Le 05.10.2013 14:54, berenger.mo...@neutralite.org a écrit :
Hi.
Since my last kernel update my desktop can not boot anymore, it is
stuck at "Switching to clocksource tsc". Also, nothing at all reply,
even the keyboard does just nothing.

Of course, I was stupid enough to remove the last kernel without
testing it, and I have no idea about what is wrong.
The kernel currently installed on that computer is 3.10-3, which
works perfectly on that computer ( a netbook ).
I thought it was a problem with my lilo.conf, but I checked it for
the 4th time ( which is not fun on recovery mode, since vim is just
highly bugged in ansi mode ) and it seems fine.
Few searches on the web indicates that it could be a compilation
problem, but I have used the Debian's kernel without any change.
I also tried to reinstall everything (just in case), but it does not
changed anything (of course).

I think I have no other choice than trying to downgrade, so I have used ssh to send the packages ( that I kept on that computer ) to the target. Now, bterm which is used in recovery mode starts to be *very* annoying, and avoid dpkg to work!
Here is what the system says:
===============
Running depmod.
Error opening terminal: bterm.
debconf: dialog output the above errors, giving up!
dpkg: erreur de traitement de linux-image-3.10-2-amd64 (--install) :
le sous-processus script post-installation installé à retourné une erreur de sortie d'état 255
Des erreur ont été rencontrées pendant l'exécution :
 linux-image-3.10-2-amd64
===============

dpkg uses french messages, but I think they are useless. What is important is that I can not install package in recovery mode, so I can not revert my changes, which is very annoying in recovery mode.

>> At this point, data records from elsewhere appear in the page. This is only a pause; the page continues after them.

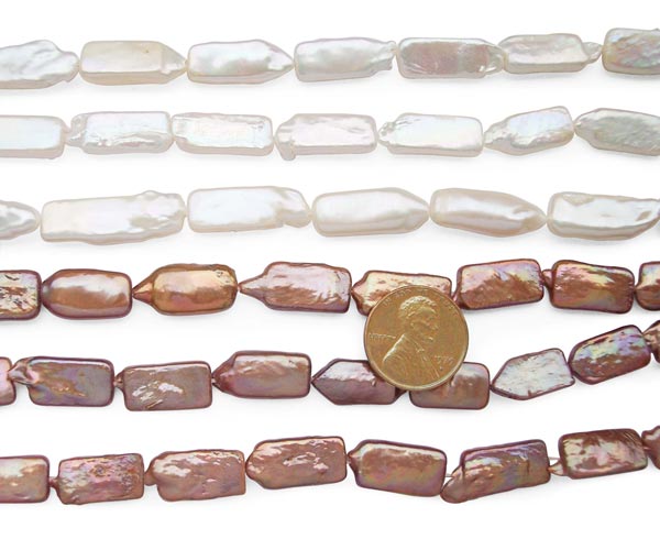 These are white(sold out) and chocolate colored rectangular coin pearl strands.
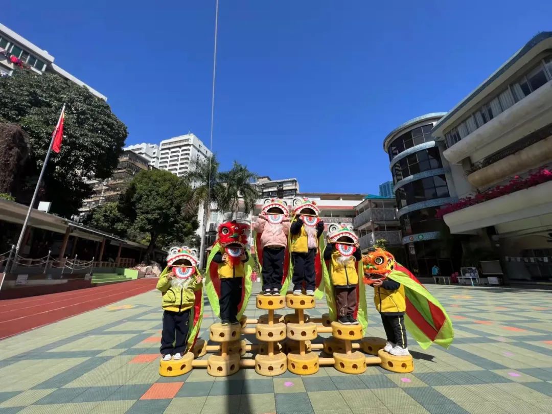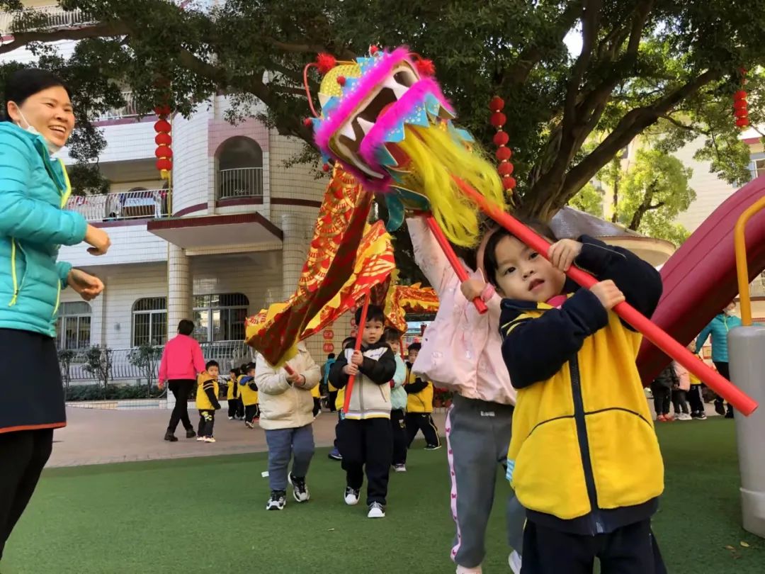 此外,市二幼还增加了幼儿舞龙体验活动,让小朋友们拿着“小狮子头”学习。弓步、丁步、虚步、靠步……“小狮子”们有模有样地练习着,把头上的龙狮舞得活灵活现,神气十足!
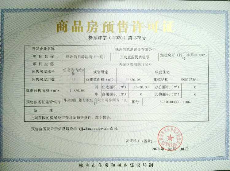 - 预许字(2020)第378号 详情发证时间 2020-09-30绑定楼栋天元区栗塘路1199号株洲信息港清湾8栋
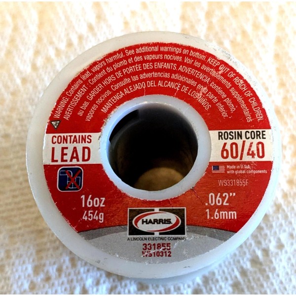 Harris 331855 Rosin Core Solder,Dia 0.062 In,1Lb
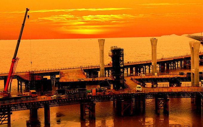 同時(shí),根據(jù)濱?;ネ芰盒枰?,該項(xiàng)目部主持召開了由寧波市高等級公路建設(shè)管理中心、金塘大橋管理局,寧波市鎮(zhèn)海區(qū)資規(guī)局、環(huán)境局,金塘大橋建設(shè)管理中心、浙江投資交通建設(shè)管理有限公司等單位專家參加的提梁站及存梁區(qū)海域使用報(bào)告評審會,會議順利通過了提交的報(bào)告,為建設(shè)提梁站施工打開了局面。由于在舟山生產(chǎn)的鋼箱梁超寬,無法通過金塘大橋,經(jīng)過反復(fù)考慮,決定從水路運(yùn)輸、在石化區(qū)碼頭卸梁,再裝船直達(dá)互通區(qū)提梁站,然后用重型卡車將一片片梁運(yùn)至現(xiàn)場。

I checked if all files were correctly generated in /boot, just in case, but the initrd.img file is not. I suppose it is generated by depmod?

Any idea about how to be able to run terminal stuff correctly in recovery mode? Maybe changing the terminal (if so, how could I do that?)?

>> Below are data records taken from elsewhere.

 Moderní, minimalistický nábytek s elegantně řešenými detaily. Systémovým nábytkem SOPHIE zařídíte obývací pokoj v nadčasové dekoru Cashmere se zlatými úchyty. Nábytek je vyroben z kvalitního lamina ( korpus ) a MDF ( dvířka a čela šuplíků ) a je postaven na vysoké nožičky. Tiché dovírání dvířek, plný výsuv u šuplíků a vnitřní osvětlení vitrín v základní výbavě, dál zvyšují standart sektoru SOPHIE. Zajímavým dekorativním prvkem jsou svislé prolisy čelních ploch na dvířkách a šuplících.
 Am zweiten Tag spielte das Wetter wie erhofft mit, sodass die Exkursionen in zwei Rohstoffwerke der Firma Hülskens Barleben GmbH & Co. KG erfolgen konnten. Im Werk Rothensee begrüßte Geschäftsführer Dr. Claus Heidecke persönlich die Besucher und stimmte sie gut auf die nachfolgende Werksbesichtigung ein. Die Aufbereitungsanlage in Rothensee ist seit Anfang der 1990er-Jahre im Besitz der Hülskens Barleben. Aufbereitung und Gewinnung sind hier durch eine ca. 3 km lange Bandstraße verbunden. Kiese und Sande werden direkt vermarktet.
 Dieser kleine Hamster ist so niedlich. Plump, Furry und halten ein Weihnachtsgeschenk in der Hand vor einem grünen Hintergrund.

Honestly, recovery mode is easier than using the unusable busybox ( I stopped installing them when I understood that they allow to do nothing else than cd and ls. ), but having it unable to correctly run basic tools like text editors and dpkg is not nice. I could use a debian live or anything else, but I would like to be able to use the tools debian give us to repair damaged systems.